Activity: Take every record and write it out again exactly, with no images included.

Entries supplied:
★ ★ ★

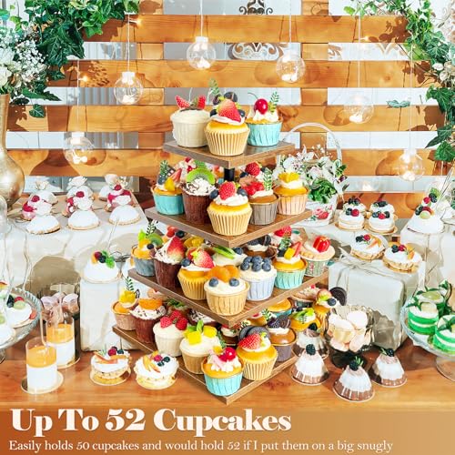 - 【Wood Cupcake Stand for 50 cupcakes】This large-capacity cupcake stand fits up to 52 standard cupcakes (1.75" diameter) with ease! Ideal for weddings, birthdays, or bakeries—no more cramped displays!
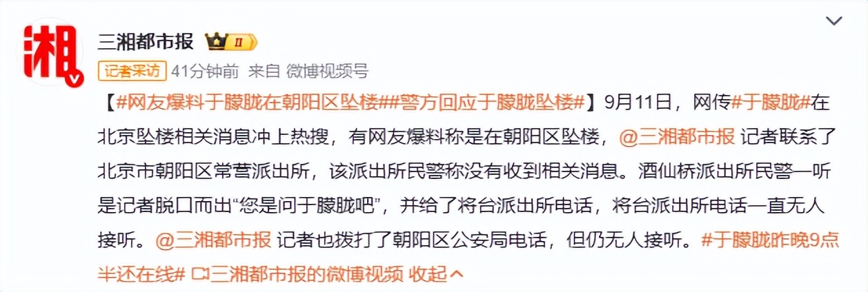 目前来看,警方已经关注到网传于朦胧坠楼身亡事件,另外一家媒体记者联系了于朦胧名下的关联的两家工作室,其中一家没听,另外一家则在拨通后挂断电话,网友喊话于朦胧工作室赶紧辟谣。
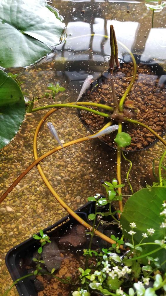 親めだかさんの泳いでいる近くの茶色い葉があがってきてる。睡蓮の葉っぱさん?暑い日が続いたので弱っていると思ってたのに…✴️がんばれ~🤭🤭
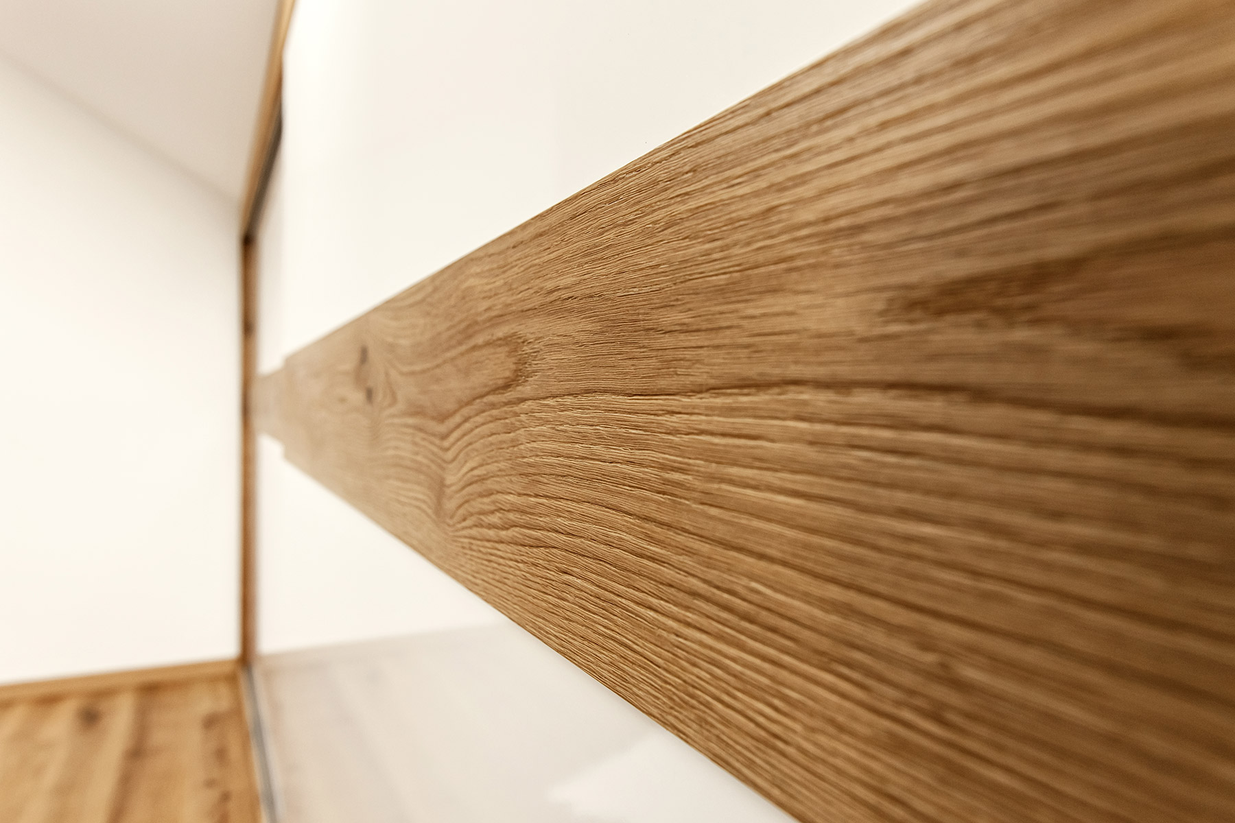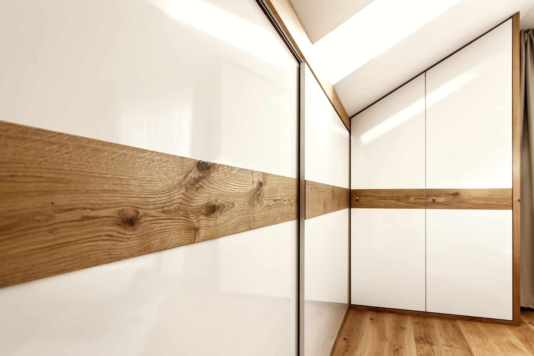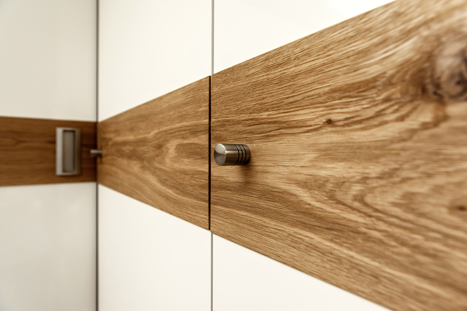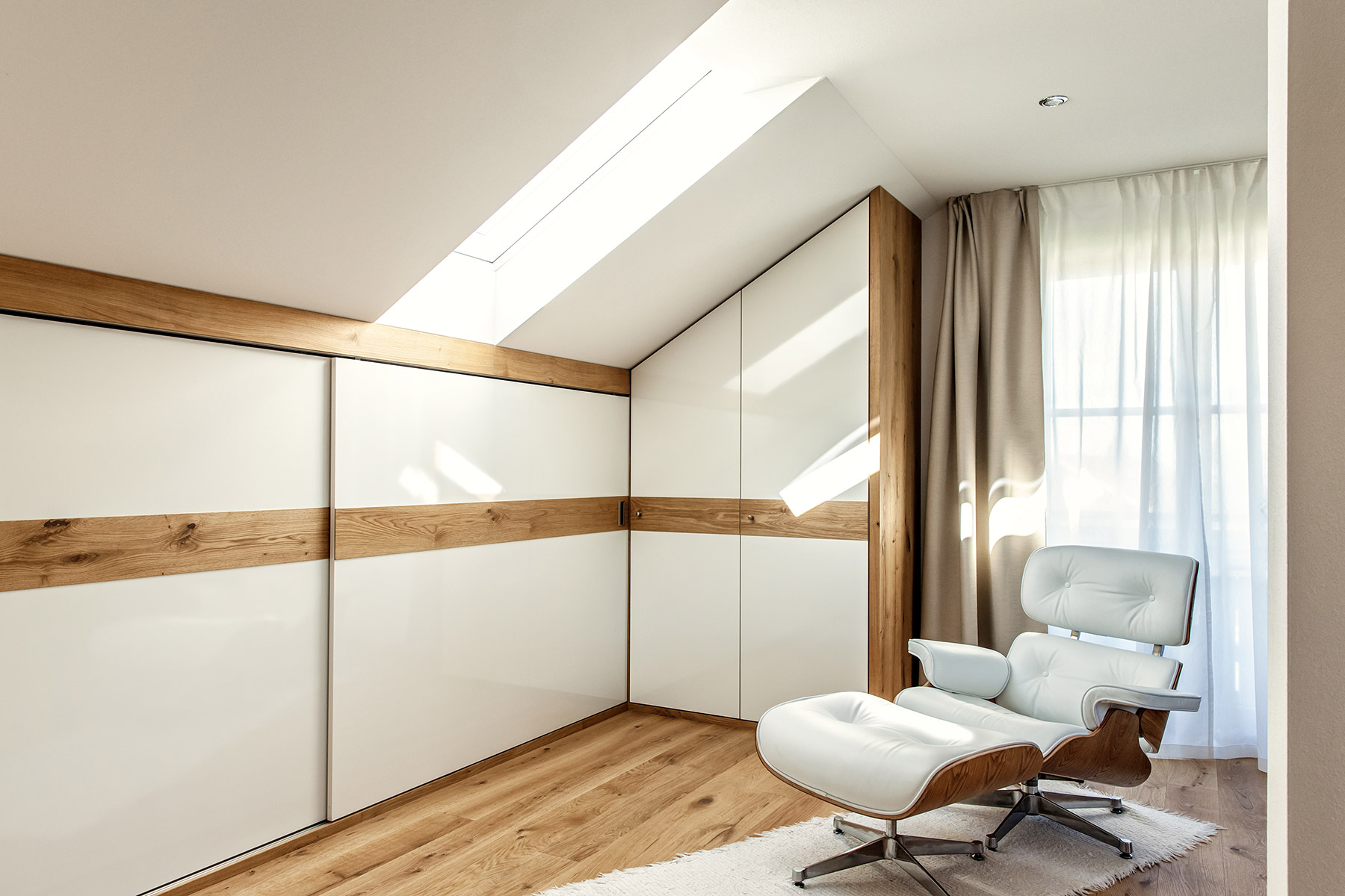 Von unserem Schreinermeister sind in detaillierter Handwerksarbeit hochwertige Einbaumöbel, abgestimmt auf die Wünsche der Kunden und Gegebenheiten des Raums, entstanden. Die Verwendung naturbelassener Materialen, wie dem geölten Eiche-Dielenboden und einer schlichten, hellen Gestaltung der Wände und Möbel, die beide Gestaltungselemente wiederspiegeln, schaffen einen zeitlosen und modernen Charakter der Raume.
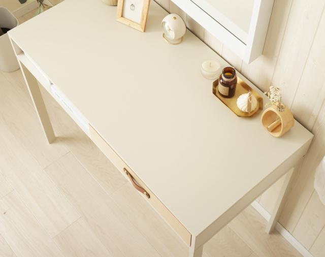 一人暮らしのお部屋や作業部屋においても圧迫感のないサイズながら、しっかり作業スペースも確保できる広さの天板です。小型のパソコンやノートパソコンでの作業なら、スペースに余裕をもって行うことが可能です。

★ ★ ★

Written answer:
 - 【Wood Cupcake Stand for 50 cupcakes】This large-capacity cupcake stand fits up to 52 standard cupcakes (1.75" diameter) with ease! Ideal for weddings, birthdays, or bakeries—no more cramped displays!
 目前来看,警方已经关注到网传于朦胧坠楼身亡事件,另外一家媒体记者联系了于朦胧名下的关联的两家工作室,其中一家没听,另外一家则在拨通后挂断电话,网友喊话于朦胧工作室赶紧辟谣。
 親めだかさんの泳いでいる近くの茶色い葉があがってきてる。睡蓮の葉っぱさん?暑い日が続いたので弱っていると思ってたのに…✴️がんばれ~🤭🤭
 Von unserem Schreinermeister sind in detaillierter Handwerksarbeit hochwertige Einbaumöbel, abgestimmt auf die Wünsche der Kunden und Gegebenheiten des Raums, entstanden. Die Verwendung naturbelassener Materialen, wie dem geölten Eiche-Dielenboden und einer schlichten, hellen Gestaltung der Wände und Möbel, die beide Gestaltungselemente wiederspiegeln, schaffen einen zeitlosen und modernen Charakter der Raume.
 一人暮らしのお部屋や作業部屋においても圧迫感のないサイズながら、しっかり作業スペースも確保できる広さの天板です。小型のパソコンやノートパソコンでの作業なら、スペースに余裕をもって行うことが可能です。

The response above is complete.